Closed charlielito closed 1 year ago
Wow! That was fast. Will take a look.
We can add a notebook for this pipe specifically I think. stable_diffusion_videos_flax.ipynb
or something (in the root of the repo).
Need access to the notebook. Perhaps just go ahead and commit the above. Or, if its too messy, just save as gist and send that on over, please 😄
Need access to the notebook. Perhaps just go ahead and commit the above. Or, if its too messy, just save as gist and send that on over, please smile
Just updated the permissions, you should be able to see it now
Just tested @charlielito's notebook in a TPU v3-8 and it takes 20-25 seconds for 30 frames :tada:
Yes I tested it last night too!! Very cool. Noticed batch size param > 1 fails though. Is this expected? I know nothing about jax.
I'm fine with merging this I think. Let me see if there's anything to clean up tomorrow documentation wise but otherwise LGTM
It shouldn't crash with batch_size>1. Let me check
@nateraw I just fixed and it is working with batch size > 1.

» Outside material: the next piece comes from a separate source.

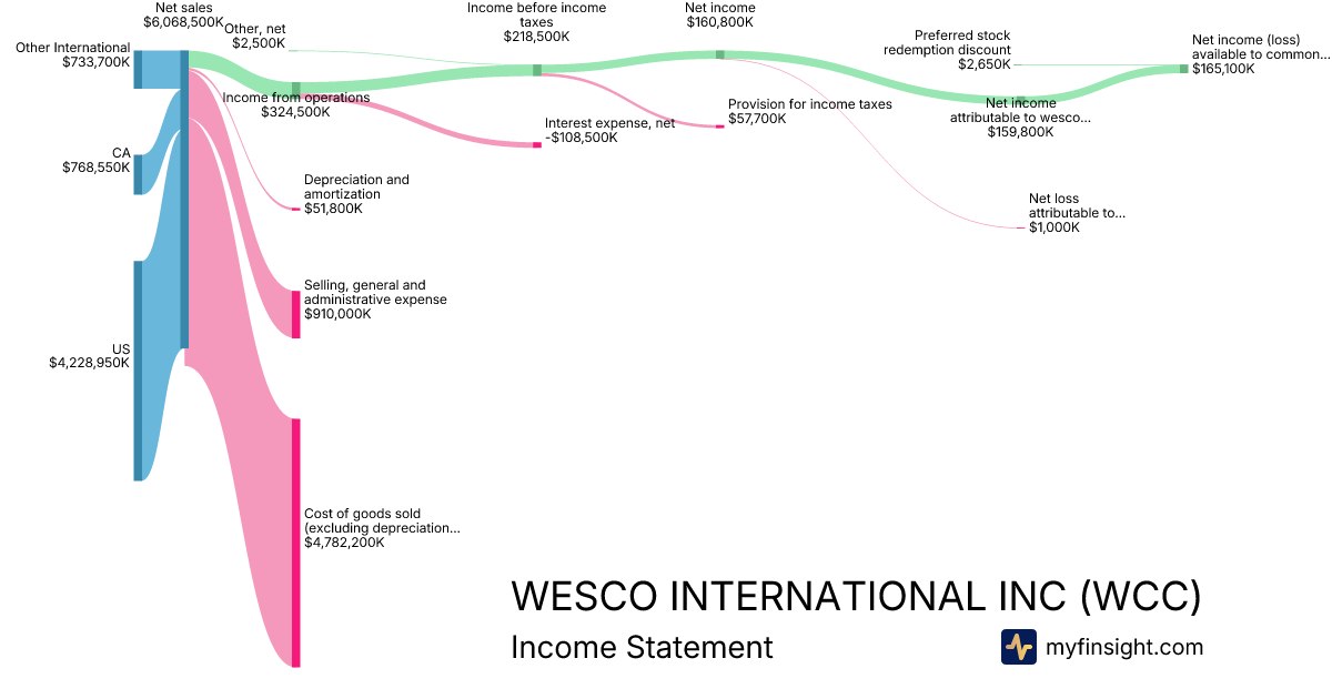 For the year ending 2025-12-31, WCC made $23,510,900K in revenue. $645,800K in net income. Net profit margin of 2.75%.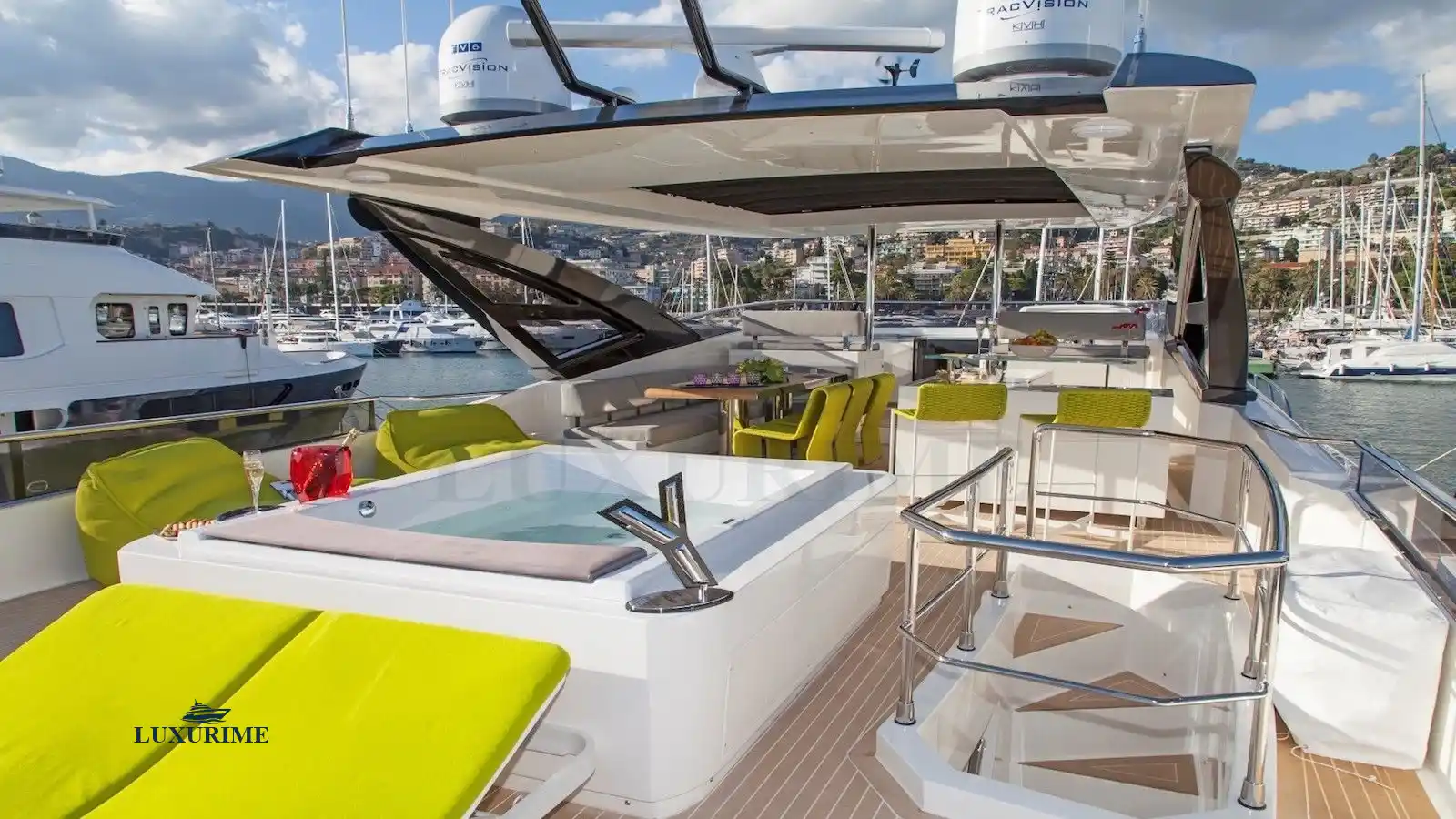 Flybridge – The heart of outdoor living, featuring a luxurious Jacuzzi, sun pads, and a lounge area for cocktails with panoramic views

The only pending stuff is to support negative_prompt
. I also have some questions see below
@charlielito feel free to leave out negative prompt if its a burden. you can feel free to iterate on this as you have time. Doesn't have to be perfect - this whole project is a hacky fun thing haha.
@nateraw I'll leave the missing features for a future PR.
I also replicated your notebook but using the flax API to use the TPU. For gradio interface, I slightly modified the app.py
to accept a FlaxPipeline.
Also I linked that notebook (to be merged) in the README
SG! glanced at it and I think its good but I want to run it...traveling internationally today so not 100% sure I'll be able to get to it til tomorrow (depends on how much time I have on airport wifi).
Thanks again, very hype about this one.
One note, that we'll investigate further later, is that when batch size is >1 I think I"m seeing out of order frames in the output video. nbd, I'm sure its being ordered by TPU core or something, and we have to gather differently.
One note, that we'll investigate further later, is that when batch size is >1 I think I"m seeing out of order frames in the output video. nbd, I'm sure its being ordered by TPU core or something, and we have to gather differently.
That was actually a concern I had while implementing it and I thought it was not happening. But now that you say it I'll take a look as it might be the case
Yea I really jacked up the num_interpolation_steps
param and it made it more obvious.
I am on Colab Pro+...did TPU w/ High Ram. Batch size of 4 and num_interpolation_steps
~240-320 I think. Was clearly doing some jittering with those settings. Looks like I wont have enough time here at the airport so I'll probably get to this either tomorrow or Friday.
Will make a release soon, after we make sure everything's all good on main :) perhaps later tonight if I get around to it, worst case early next week.
Resolves #139
You can test the code here: https://colab.research.google.com/drive/11EoVXsfHFZKCKBFzsih3SdodZ8xFsaSl#scrollTo=YJ53vCC593-A&uniqifier=1
The first time you run it is slower because it needs to compile the code for TPU. Afterward it generates an image each 1.3~ seconds, almost 7 times faster than the GPU version in Colab (correct me if I am wrong)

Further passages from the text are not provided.